It is good if it dusts less....Sorry for asking but what you mean ''works 24/7''??


----------



## ianFRST (Sep 19, 2006)

menz only works 100% in controlled conditions.... in a nice warm garage, not in the freezing cold etc.

dont get me wrong, menz is superb polish, 3m is just alot less fussy


----------



## pampos (Mar 15, 2008)

ianFRST said:


> menz only works 100% in controlled conditions.... in a nice warm garage, not in the freezing cold etc.
> 
> dont get me wrong, menz is superb polish, 3m is just alot less fussy


That's good...:thumb:


----------



## chris141 (Jun 5, 2008)

3M FC was only £15 for a 1L in my local motor factors vat incld


----------



## Dave KG (Feb 23, 2006)

ianFRST said:


> menz only works 100% in controlled conditions.... in a nice warm garage, not in the freezing cold etc.
> 
> dont get me wrong, menz is superb polish, 3m is just alot less fussy


I'm not sure I'd agree on 100% controlled conditions... cold causes the wax lubricant to clump a little but this is easily resolved by increasing the number of passes made at low speed to get the heat up. In higher temperatures, I dont really find Menz as much of a problem really, and also work with it outside quite happily... I think more often than not is what has happened is the problem of sticky paint came around the same time as Menz issues and I think there's a correlation between the two - but this is just my personal opinion.

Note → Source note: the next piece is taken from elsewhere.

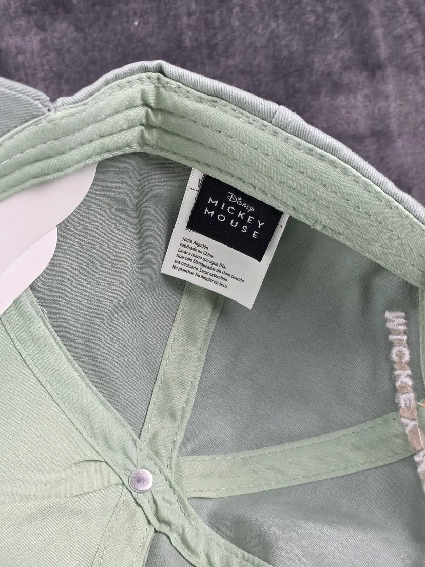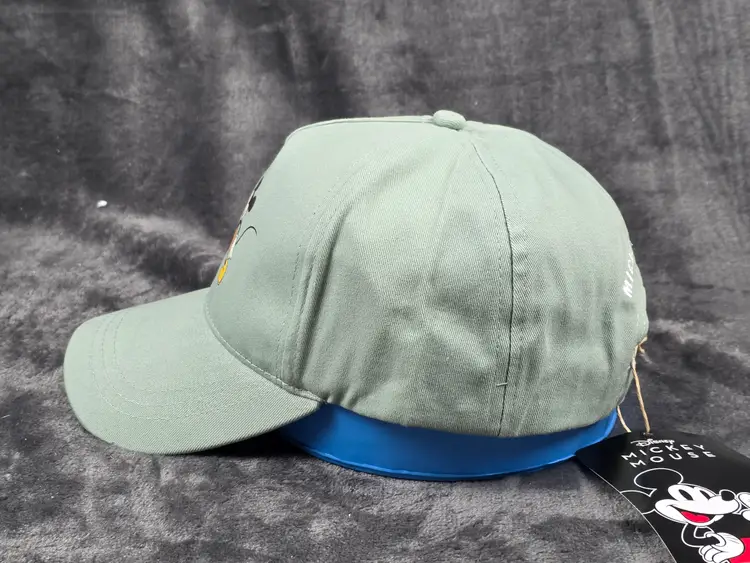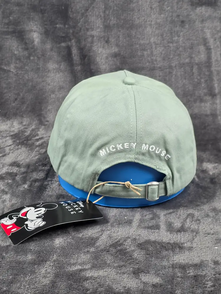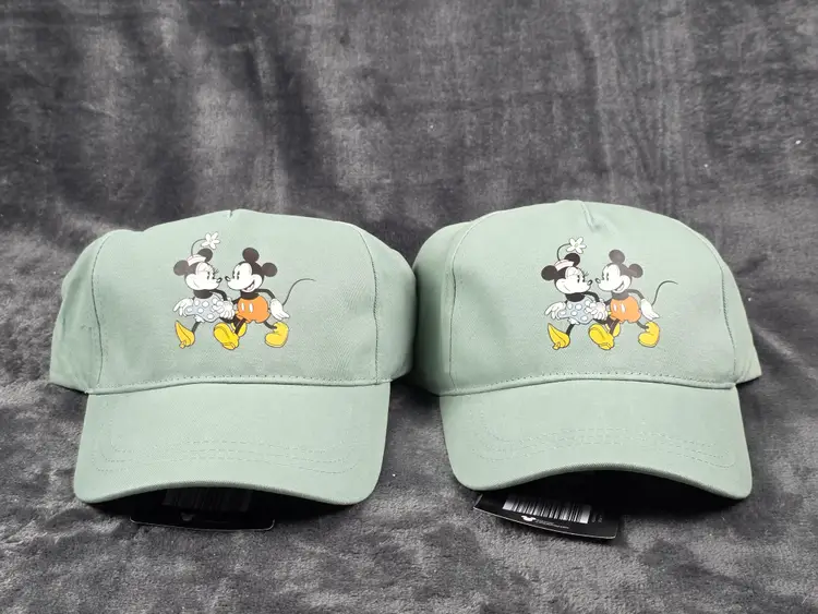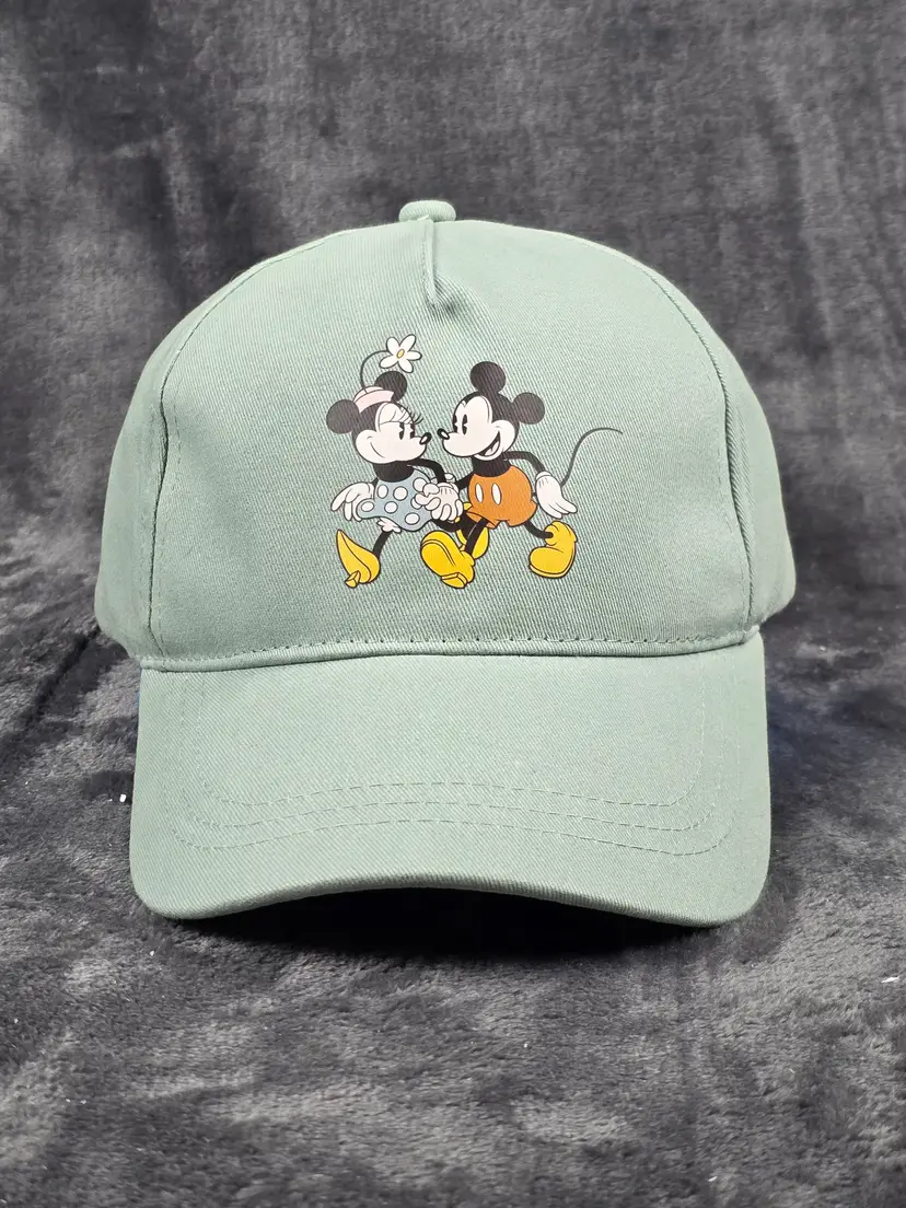 Add a touch of classic Disney charm to your wardrobe with this vintage light green baseball cap featuring Mickey Mouse and Minnie Mouse in their iconic outfits. Mickey sports his red shorts and yellow shoes, while Minnie dazzles in a blue polka dot dress, yellow shoes, and a flowered hat. The cap is perfect for collectors, Disney fans, or anyone looking to add a playful retro vibe to their style.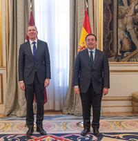 Visita del ministro de Asunto de Exteriores de Letonia April 26, 2022 José Manuel Albares recibe a su homólogo Edgars Rinkēvičs en el centenario de las relaciones diplomáticas entre Letonia y España.

Menzerna seems a lot less fussy for me than is often discussed on forums, but perhaps I am just lucky...


----------



## Giftoboy (Aug 28, 2009)

Where can you find 3M in Cyprus pampos?


----------



## raj1vad (May 26, 2010)

many thanks for all of the opinions, especially dave for ur great info, i have been using RD302, 203S and 85RE, i havent used 106FA or S100. i find those products really well to work with, and have noticed that 203S does have a little less cut than RD302.

once this kit runs out im gonna be using this line up:

1. either Fast Cut Plus or S100 (havent yet decided yet, but leaning towards FCP for its extra lubby nature)

2. then RD302 (very happy with it)

3. and finally 85RE

4. and lastly use my glazes, waxes, sealants etc etc etc.

bearing in mind (and learning) from what i have used, i think this is going to work very well for me. 

im going to be using glossit pads (white, yellow and green). ive heard nothing but good things about these pads so all should be good, touchwood.

ill report back how i get along, when i do get all this gear in use. cheers people


----------